+++ Exercise data

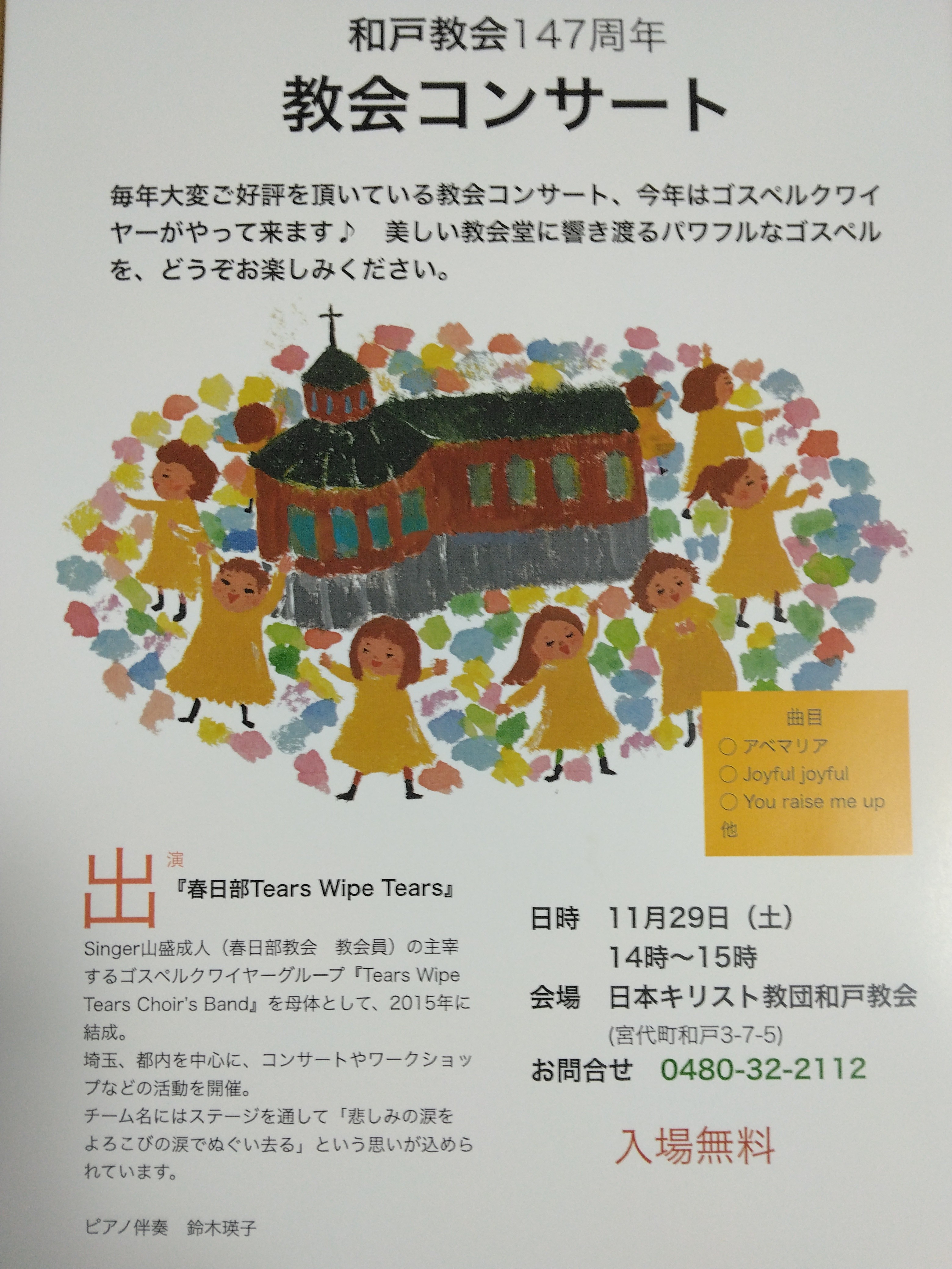 出演 ゴスペル:春日部Tears Wipe Tears(主宰 春日部教会員 山盛 成人)
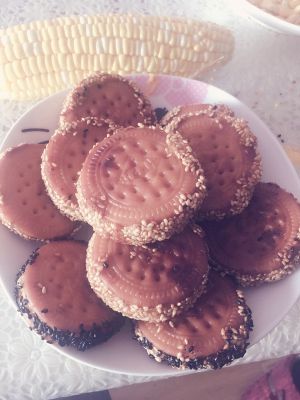 准备小碟滚一圈芝麻,注意南瓜馅的厚度大概两个奥利奥饼干后度
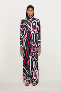An iconic garment that combines elegance and modernity. This silk shirt features a slightly oversized fit and a length designed to add comfort and style to any look. The classic collar and button closure lend a timeless touch, while the Marmo print in black and fuchsia turns the design into a true work of art.The side pocket adds a practical and contemporary note to the garment. - To offer you a unique Pucci garment, we use an all-over print that makes the product unrepeatable. Therefore, the pattern print may vary from the one displayed in the photo. - Black and Fuchsia - 100% silk - Long sleeves with collar and button closure - Slightly oversized length with comfortable fit - Side pocket - Marmo print - Gently dry clean - Made in Italy. - ID: 5HRJ095H761003 - The model is 176 cm tall and wears a 38 italian size.
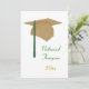 Pintura de um boné de formatura de ouro e de uma fita verde impressa em convites para serem personalizados on-line, antes da compra. Altere o texto nos formulários de modelo ou, para fazer outras alterações, clique em Personalizar.
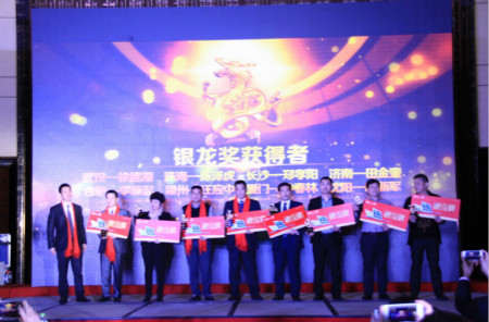 27日下午,首先进行的是激动人心的颁奖环节。除了延续前几届经销商发展峰会奖项,即颁发出金龙奖2名、银龙奖8名、腾龙奖7名、聚龙奖8名外,还增设了“销售新锐奖”,南京、珠海、顺德、福州等区域,共30几位经销商得到了不同形式的表彰,为其他的经销商做了表率。
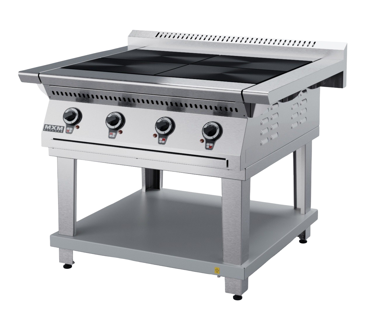 Размеры 840х850х860 мм, , лицевая часть ,подставка и боковины из нержавеющей стали, 4 чугунные конфорки, мощность 3 кВт, площадь одной конфорки 0,12 м, 3 режима регулировки мощности
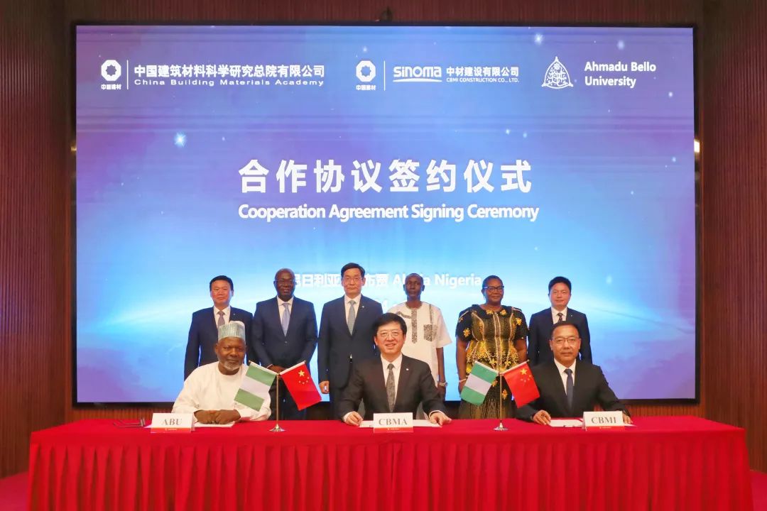 10月3日, 与艾哈迈德·贝洛大学在尼日利亚阿布贾签署合作协议,成立中非绿色建材联合实验室。 董事长周育先,贝洛大学校长代表Sani Abba Aliyu,尼日利亚基础设施公司首席执行官、董事总经理Lazarus Angbazo,尼日利亚国家认可机构(NINAS)认证负责人Lawrena Okoro,中材国际董事长印志松, 战略发展部(国际合作部)总经理查金祥出席并见证签署仪式。 总经理助理、 总院董事长郅晓,中材建设总经理张思才,贝洛大学Thomas Ijimdiya代表各方签署协议,仪式由国检集团副总经理宋开森主持。
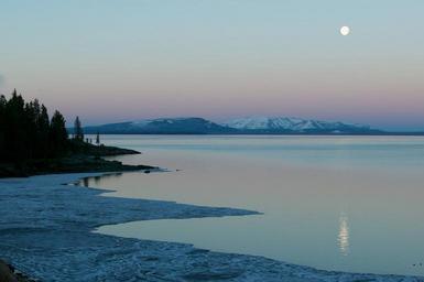 Keywords: lake yellowstone moon setting night dawn sky landscape scenic silhouette outdoors trees forest peaceful twilight view tranquil water reflection

++++++

-- Work required --
Give back, word for word, the lines from the line that contains "An iconic garment" through the last line of the records, with no pictures and nothing else.

-- Solution to this problem --
An iconic garment that combines elegance and modernity. This silk shirt features a slightly oversized fit and a length designed to add comfort and style to any look. The classic collar and button closure lend a timeless touch, while the Marmo print in black and fuchsia turns the design into a true work of art.The side pocket adds a practical and contemporary note to the garment. - To offer you a unique Pucci garment, we use an all-over print that makes the product unrepeatable. Therefore, the pattern print may vary from the one displayed in the photo. - Black and Fuchsia - 100% silk - Long sleeves with collar and button closure - Slightly oversized length with comfortable fit - Side pocket - Marmo print - Gently dry clean - Made in Italy. - ID: 5HRJ095H761003 - The model is 176 cm tall and wears a 38 italian size.
 Pintura de um boné de formatura de ouro e de uma fita verde impressa em convites para serem personalizados on-line, antes da compra. Altere o texto nos formulários de modelo ou, para fazer outras alterações, clique em Personalizar.
 27日下午,首先进行的是激动人心的颁奖环节。除了延续前几届经销商发展峰会奖项,即颁发出金龙奖2名、银龙奖8名、腾龙奖7名、聚龙奖8名外,还增设了“销售新锐奖”,南京、珠海、顺德、福州等区域,共30几位经销商得到了不同形式的表彰,为其他的经销商做了表率。
 Размеры 840х850х860 мм, , лицевая часть ,подставка и боковины из нержавеющей стали, 4 чугунные конфорки, мощность 3 кВт, площадь одной конфорки 0,12 м, 3 режима регулировки мощности
 10月3日, 与艾哈迈德·贝洛大学在尼日利亚阿布贾签署合作协议,成立中非绿色建材联合实验室。 董事长周育先,贝洛大学校长代表Sani Abba Aliyu,尼日利亚基础设施公司首席执行官、董事总经理Lazarus Angbazo,尼日利亚国家认可机构(NINAS)认证负责人Lawrena Okoro,中材国际董事长印志松, 战略发展部(国际合作部)总经理查金祥出席并见证签署仪式。 总经理助理、 总院董事长郅晓,中材建设总经理张思才,贝洛大学Thomas Ijimdiya代表各方签署协议,仪式由国检集团副总经理宋开森主持。
 Keywords: lake yellowstone moon setting night dawn sky landscape scenic silhouette outdoors trees forest peaceful twilight view tranquil water reflection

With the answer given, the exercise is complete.